What to do:
For this exercise, repeat the whole listing below exactly. Leave the pictures out.

── Task material ──

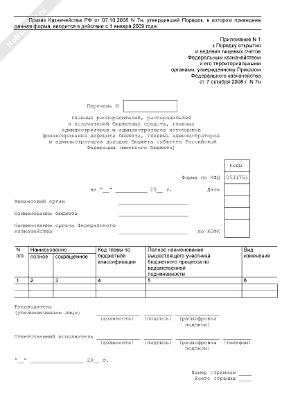 - Источник– Приказ Казначейства РФ от 07.10.2008 № 7 (редакция от 14.07.2010 № 4н)
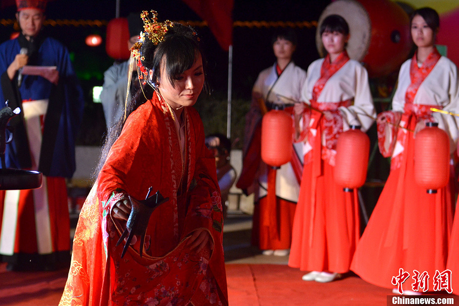 9月19日晚,2013年第四届海峡两岸(苏州)中秋祭月活动在江苏苏州盘门景区举行。中新社发 王思哲 摄
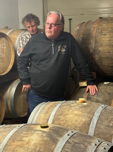 Na de lezing van Hans Koppen gingen de Sneekologen in spé naar de Weduwe Joustra om daar letterlijk aan de Beerenburg (‘met twee e’s!) te ruiken. En uiteraard hun kennis te vergroten over het unieke Sneker bedrijf.
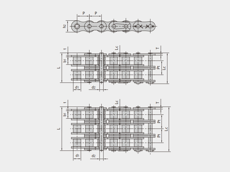 ● 自動(dòng)扶梯驅(qū)動(dòng)鏈分為主驅(qū)動(dòng)鏈和扶手帶驅(qū)動(dòng)鏈,按照ISO 606標(biāo)準(zhǔn)進(jìn)行設(shè)計(jì),其互換性尺寸與標(biāo)準(zhǔn)滾子鏈一致,主要以A系列、B系列滾子鏈及其加強(qiáng)型鏈條為主。
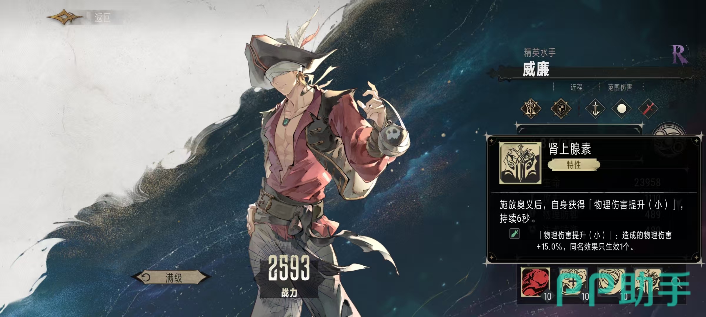 威廉在游戏中的称号是精英水手,它是属于王国阵营中型单位,能够造成近战范围伤害。自身的普攻是近身战,对主目标造成128%攻击力的物理伤害。一个特性是肾上腺素,在释放奥义技能后,自身可以获得一个小型的物理伤害提升效果,持续6秒钟。该效果能够增加15%的物理伤害属性。如果和其他同名效果一起出现,那么只能生效一个。
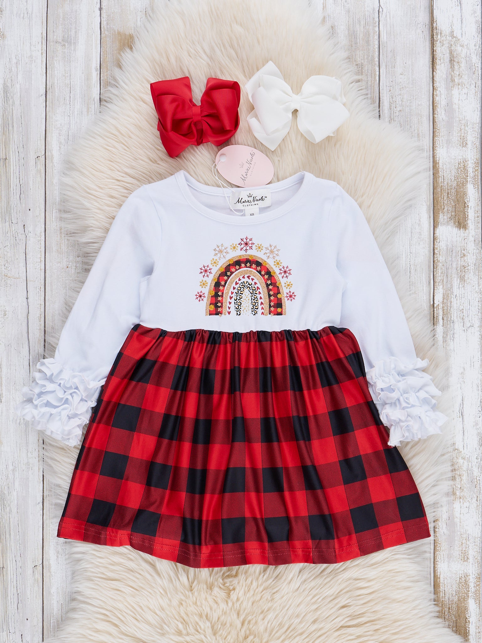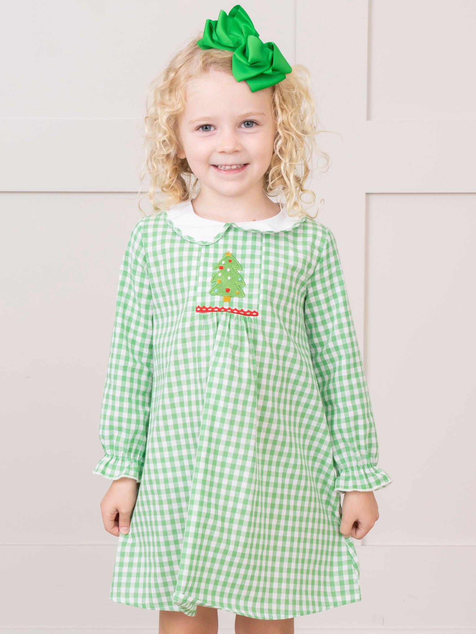 Soft Mint & Pink Christmas Trees Ruffle Dress
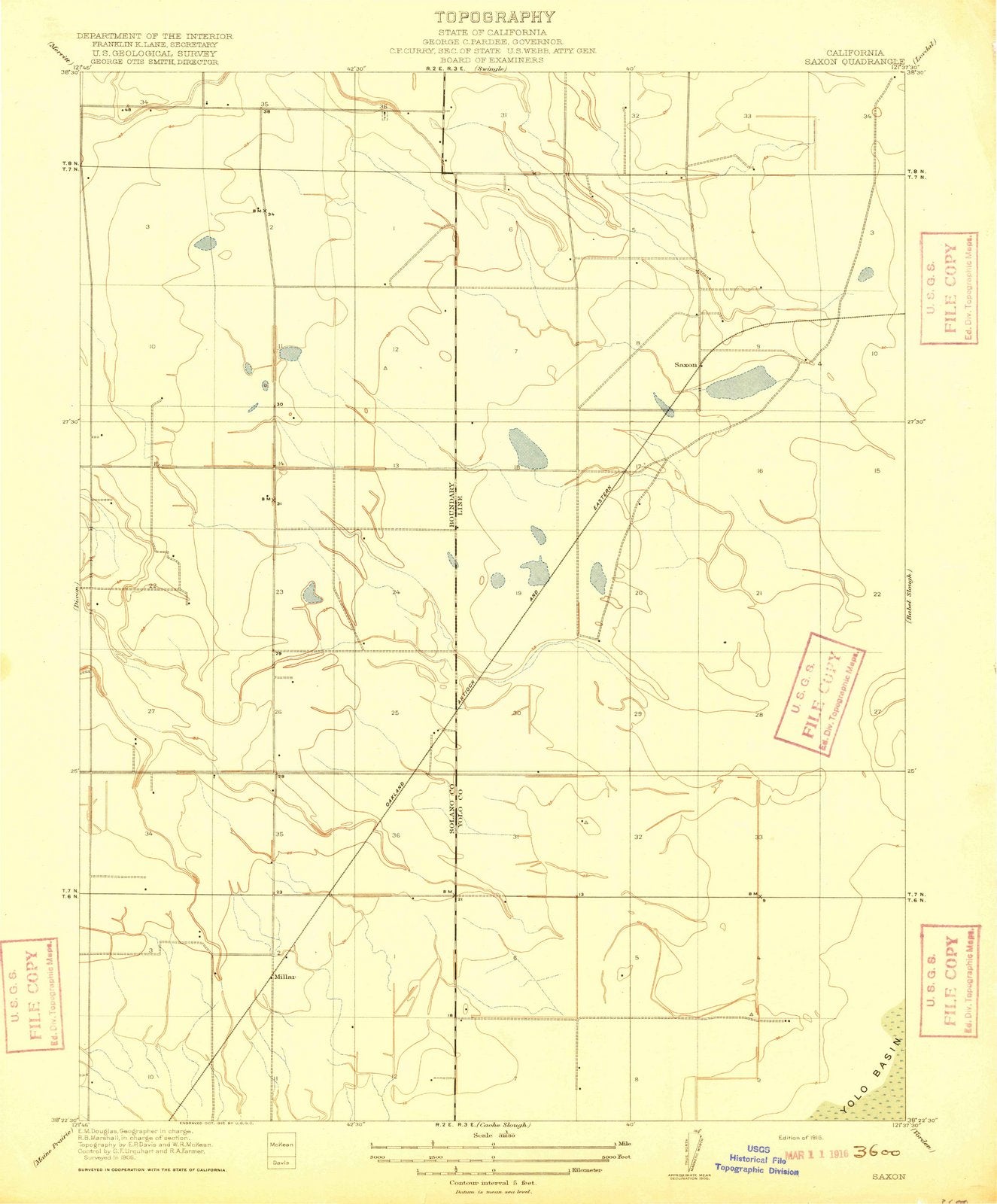 1916 Saxon, CA - California - USGS Topographic Map
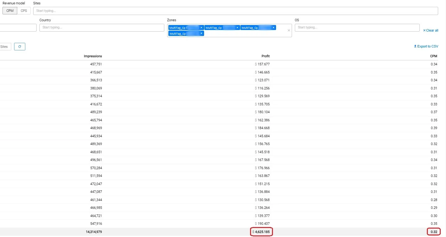 The tag had full ad coverage across all devices, OS, and GEOs, while automatically optimizing rates to reach maximum profit.
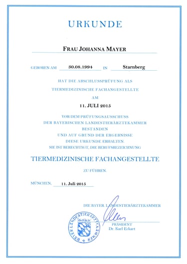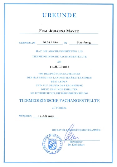 Ausbildung zur Tiermedizinischen Fachangestellten in der Tierklinik Weilheim
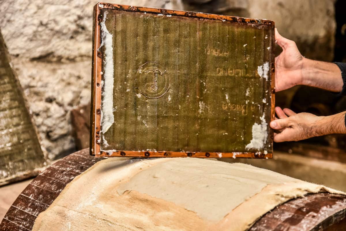 Ma come avveniva la creazione della carta? Qual era il suo processo di produzione? Per realizzare i vari fogli venivano utilizzati gli stracci, panni di cotone, che i cantieri acquistavano dai vari straccivendoli. Tali panni venivano messi in apposite vasche, chiamate pile, dove venivano triturati e trasformati in una sorta di poltiglia attraverso una serie di magli di legno, alla cui estremità erano sistemati dei chiodi di ferro. Si dice che la forma e la dimensione dei chiodi determinavano la consistenza, la grammatura e lo spessore dei fogli. Tale macchine erano mosse dalla forza dell’acqua che precipitando su di una ruota metteva in azione un albero di trasmissione detto fuso. La poltiglia creata dal macchinario veniva poi raccolta e messa in un tino in muratura, una vasca rotonda. Qui con una sorta di mestolo di legno di grandi dimensioni si mescolava la poltiglia, a questo punto si immergeva uno strumento simile a un setaccio, su cui vi era apposto la filigrana, il sigillo o simbolo della famiglia, sul quale si formava uno strato di carta che poi veniva versato sul feltro, che dava vita al primo foglio di carta. Foglio dopo foglio, ne servono circa 40-50, la “pila” creata veniva prelevata e passata  sotto a una pressa per che serviva all’assorbimento dell’acqua. Da qui poi si passava all’asciugatura dove i fogli venivano appesi sugli spanditoi. Nel 1745 la macchina a maglie di legno venne sostituita dalla macchina olandese, che ha permesso di velocizzare e perfezionare l’intero processo.

───

Written response:
 - Источник– Приказ Казначейства РФ от 07.10.2008 № 7 (редакция от 14.07.2010 № 4н)
 9月19日晚,2013年第四届海峡两岸(苏州)中秋祭月活动在江苏苏州盘门景区举行。中新社发 王思哲 摄
 Na de lezing van Hans Koppen gingen de Sneekologen in spé naar de Weduwe Joustra om daar letterlijk aan de Beerenburg (‘met twee e’s!) te ruiken. En uiteraard hun kennis te vergroten over het unieke Sneker bedrijf.
 ● 自動(dòng)扶梯驅(qū)動(dòng)鏈分為主驅(qū)動(dòng)鏈和扶手帶驅(qū)動(dòng)鏈,按照ISO 606標(biāo)準(zhǔn)進(jìn)行設(shè)計(jì),其互換性尺寸與標(biāo)準(zhǔn)滾子鏈一致,主要以A系列、B系列滾子鏈及其加強(qiáng)型鏈條為主。
 威廉在游戏中的称号是精英水手,它是属于王国阵营中型单位,能够造成近战范围伤害。自身的普攻是近身战,对主目标造成128%攻击力的物理伤害。一个特性是肾上腺素,在释放奥义技能后,自身可以获得一个小型的物理伤害提升效果,持续6秒钟。该效果能够增加15%的物理伤害属性。如果和其他同名效果一起出现,那么只能生效一个。
 Soft Mint & Pink Christmas Trees Ruffle Dress
 1916 Saxon, CA - California - USGS Topographic Map
 The tag had full ad coverage across all devices, OS, and GEOs, while automatically optimizing rates to reach maximum profit.
 Ausbildung zur Tiermedizinischen Fachangestellten in der Tierklinik Weilheim
 Ma come avveniva la creazione della carta? Qual era il suo processo di produzione? Per realizzare i vari fogli venivano utilizzati gli stracci, panni di cotone, che i cantieri acquistavano dai vari straccivendoli. Tali panni venivano messi in apposite vasche, chiamate pile, dove venivano triturati e trasformati in una sorta di poltiglia attraverso una serie di magli di legno, alla cui estremità erano sistemati dei chiodi di ferro. Si dice che la forma e la dimensione dei chiodi determinavano la consistenza, la grammatura e lo spessore dei fogli. Tale macchine erano mosse dalla forza dell’acqua che precipitando su di una ruota metteva in azione un albero di trasmissione detto fuso. La poltiglia creata dal macchinario veniva poi raccolta e messa in un tino in muratura, una vasca rotonda. Qui con una sorta di mestolo di legno di grandi dimensioni si mescolava la poltiglia, a questo punto si immergeva uno strumento simile a un setaccio, su cui vi era apposto la filigrana, il sigillo o simbolo della famiglia, sul quale si formava uno strato di carta che poi veniva versato sul feltro, che dava vita al primo foglio di carta. Foglio dopo foglio, ne servono circa 40-50, la “pila” creata veniva prelevata e passata  sotto a una pressa per che serviva all’assorbimento dell’acqua. Da qui poi si passava all’asciugatura dove i fogli venivano appesi sugli spanditoi. Nel 1745 la macchina a maglie di legno venne sostituita dalla macchina olandese, che ha permesso di velocizzare e perfezionare l’intero processo.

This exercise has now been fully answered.